What to do with {{zh-IPA}} is a separate issue but it should probably be either redirected to {{IPA-all}} like {{IPA-wuu}} if it's essentially identical, or moved to {{IPA-cmn}} like {{IPA-yue}}; properly named and added to the list of templates at Template:IPA-all/doc it might be used a bit more.--JohnBlackburnewordsdeeds 15:55, 24 May 2014 (UTC)
I generally agree. I think the best next step from here, after the ordering issue above is finalised, is to look at related templates such as {{CJKV}} which could be changed to run of almost the same code that this template currently uses and thus give it extra features like no links, no labels and ordering. Rincewind42 (talk) 15:04, 25 May 2014 (UTC)

CJKV

I hadn't looked at it before, or at least not recently, but looking at it now {{CJKV}} works almost identically to this one; the latest italic changes here bring it closer. The only differences I can see are lack of language tags there for romanisations (which should be added there), lack of support for Japanese, Korean and Vietnamese here which would be easy to add (including 'if the Chinese and Japanese are the same then combine them - horrible to do in parser code, easy in Lua). So it would be straightforward to merge them.
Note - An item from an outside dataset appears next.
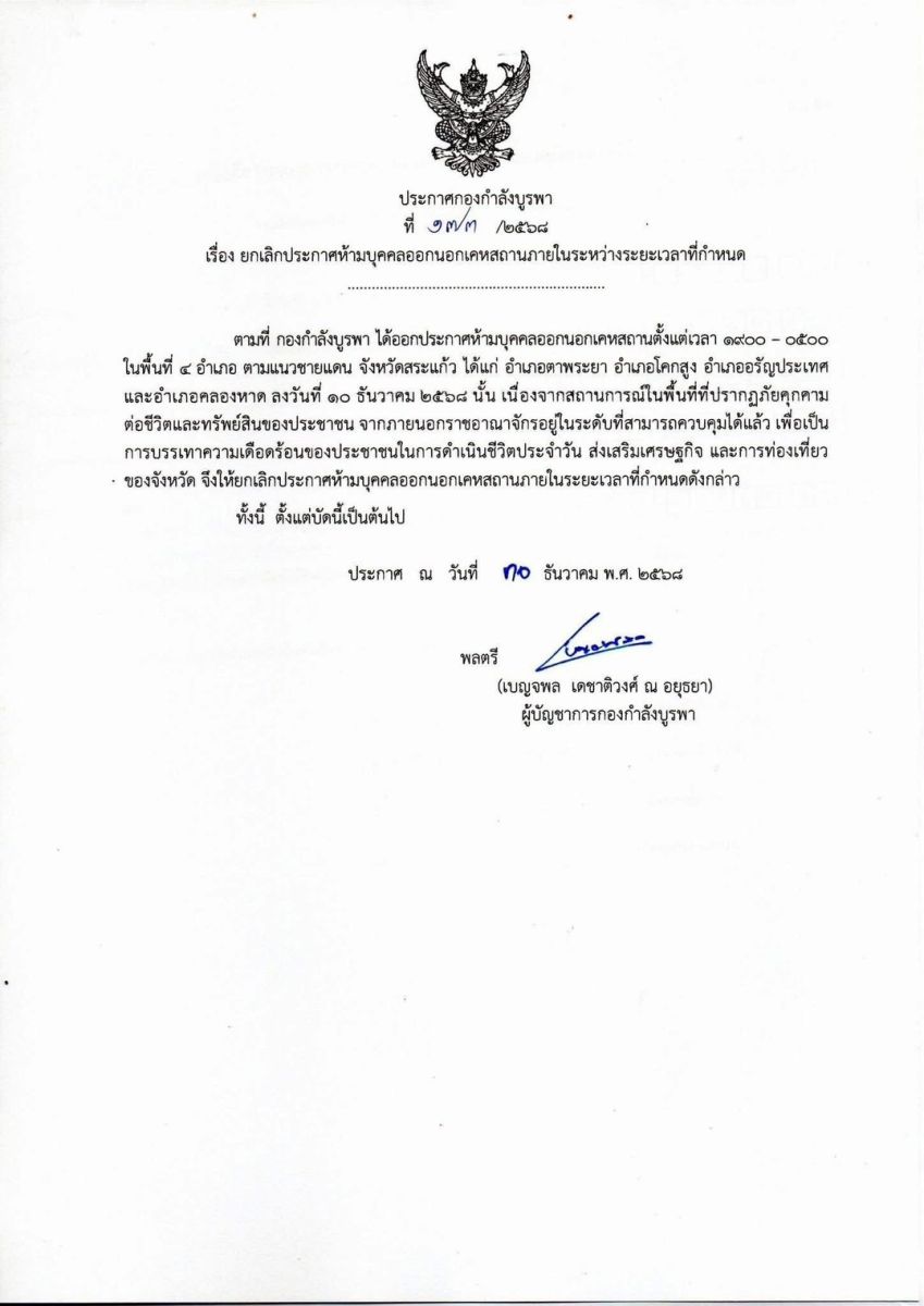 30 ธ.ค.68 กองกำลังบูรพา กองทัพภาคที่ 1 ยกเลิกประกาศห้ามบุคคลออกนอกเคหสถานภายในระหว่างระยะเวลาที่กำหนด ตามที่ กองกำลังบูรพา ได้ออกประกาศห้ามบุคคลออกนอกเคหสถานตั้งแต่เวลา 19.00 น. - 05.00 น. ในพื้นที่อำเภอ ตามแนวชายแดน จังหวัดสระแก้ว ได้แก่ อำเภอตาพระยา อำเภอโคกสูง อำเภออรัญประเทศ และอำเภอคลองหาด ลงวันที่ 10 ธันวาคม 2568 นั้น

And there are good reasons for doing so. There's not quite the same need as there is for {{zh-full}}, but apart from the reasons {{zh}} was converted to Lua looking at how its used in some cases it's used where {{zh}} would do, e.g. in Chery A15, while most uses are very similar. As with {{zh-full}} it makes no sense to have two templates being used for mostly the same thing if there's no technical reason to keep them separate.--JohnBlackburnewordsdeeds 15:40, 25 May 2014 (UTC)
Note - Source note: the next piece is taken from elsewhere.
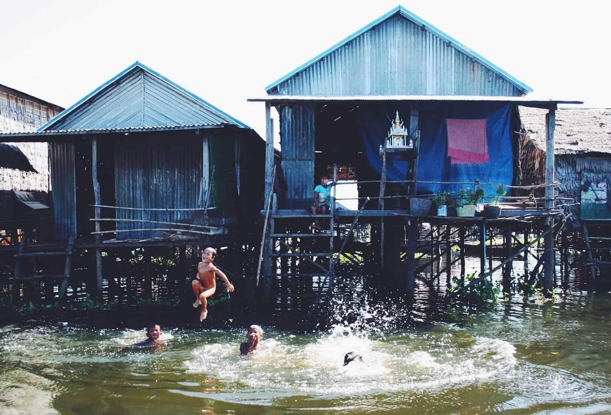 生活在“浮村”的人基本上从小就要学会与水打交道,这不仅是生活需要,有时候也是保命技能,因为洞里萨湖上偶尔刮起的大风有可能掀翻船只。

Although there is no technical reason, there is a cultural reason why we have {{zh}} and {{nihongo}} as separate templates. Korean doesn't seem to have it's own template. {{CJKV}} joins these together but it doesn't distinguish between Kanji and Kana or Hangul and Hanja. Also it doesn't include Japanese/Korea romanisations. If you combined identical Hanja/Hanzi characters, how would you label it? Also which language comes first? There needs to be a better way to order these. The the parameter bloat might become significant. Look at {{Chinese}} for example. All those options by how often are they used? In the end, though CJKV could be merged with zh, there will need to be two or three separate instances of near identical code. Partly to keep the parameters simple so that people can understand the template, and partly so the various interested groups don't conflict. Rincewind42 (talk) 05:20, 26 May 2014 (UTC)
Just for the record, I've come across numerous cases in the past where people have been upset or offended simply because of the template name. Like the former Yugoslavia and the rest of Eastern Europe, nationalism is kind of a thing in East Asia, and I've seen people getting upset over templates such as {{Japanese particle}} and {{Chinese}}, simply because the template has the word "Chinese" or "Japanese" in it, instead of "Chinese", "Korean", "Japanese", or whatever seems to be the topic of the article. Upset editors often blank or delete templates, or revert template additions, simply because they don't like the name of a template, and that's it; I remember having to make the {{Language particle}} redirect because one Korean editor got oh so offended by the word "Japanese". It's not as simple as things should be.

If we ever decide to use {{zh}} or anything else to replace CJKV templates after merging parameters, I think it would probably be a good idea to create template redirects as well; it's difficult to satisfy the needs of every single editor otherwise. Words such as "Chinese" and "Japanese" are a sensitive political issue in some areas, and edit wars often start over trivial matters such as these. I think the mindset is that if you put the {{Chinese}} template on a Korean topic article, it's claiming that it "belongs to China" or something (though logically speaking, it really shouldn't, it's just a template used to contain multilingual names). --benlisquareTCE 05:45, 26 May 2014 (UTC)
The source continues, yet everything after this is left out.